Diário - Ao se debruçar no caso, o senhor ouviu testemunhas, os réus e sobreviventes. Quais fatos mais lhe chamaram a atenção?
Louzada - Na reta final, quando eu já estava para dar a sentença de pronúncia e com quase toda instrução feita, foi que tive dedicação exclusiva. Eu ouvi, nesses cerca de três anos e meio, 215 pessoas e, inclusive, tive depoimentos que duraram cinco horas, seis horas. E a dedicação exclusive foi apenas no final do processo. Eu ouvi e fiz tudo juntamente com a demanda da 1ª Vara Criminal e trabalhando com os outros processos. Tanto que aquele ano (2016) foi um dos anos mais produtivos, o que demandou um esforço físico e mental maior. Aí, lá na reta final, o Tribunal de Justiça me concedeu a dedicação exclusiva. Mas isso foi algo de três a quatro meses. Posso dizer que tudo que poderia ser alegado consta e está dentro do processo. Afirmo, seguramente, que se pegares todas as teses de acusação, que a assistência de acusação fez e, ainda, que os brilhantes defensores fizeram, tudo está dentro do processo. Esse é um caderno processual formado com todas as provas necessárias. O que o processo penal faz é uma reprodução histórica, até porque a gente não tem como voltar ao fato. Então, sempre buscamos reproduzir, juntamente com as partes, o que aconteceu. Não existe uma verdade. Qual a verdade? A gente faz uma reconstrução. Assim, a comunidade uma vez, vendo, ouvindo e sentindo, poderá decidir com tranquilidade e serenidade.
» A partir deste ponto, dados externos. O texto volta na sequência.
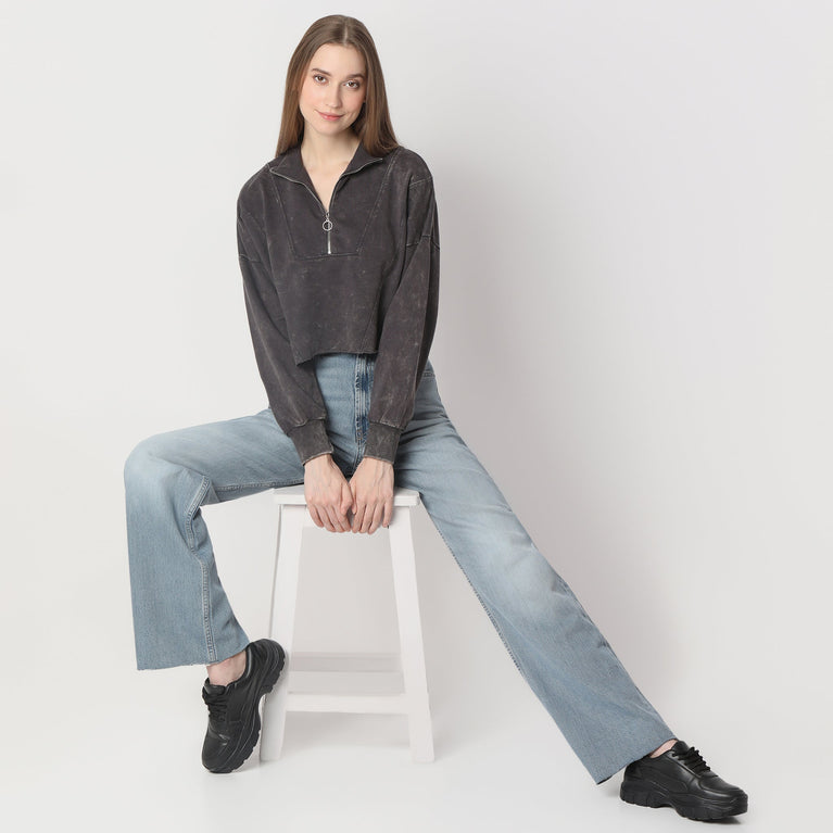 Boxy Fit Cropped Sweat Tee With Quarter Zipper Opening At Neck
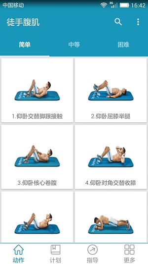 1、徒手腹肌包括50多个动作,从简单、中等到困难,

Diário - O senhor analisou exaustivamente o caso e, agora, voltará a fazê-lo no júri. O que poderia mudar?
Louzada - Mudar, não. O que o Tribunal do Júri tem de belo é justamente essa dialética. A minha bandeira sempre foi a do contraditório. A maior parte das pessoas, da acusação e da defesa, acompanhou todo o processo e produziu as provas. E, com o passar do tempo, as coisas vão amadurecendo tanto para um lado quanto para outro. E eu, realmente, queria ouvir a visão delas hoje e ouvir a manifestação e o resultado do trabalho que percorreram e as provas que produziram.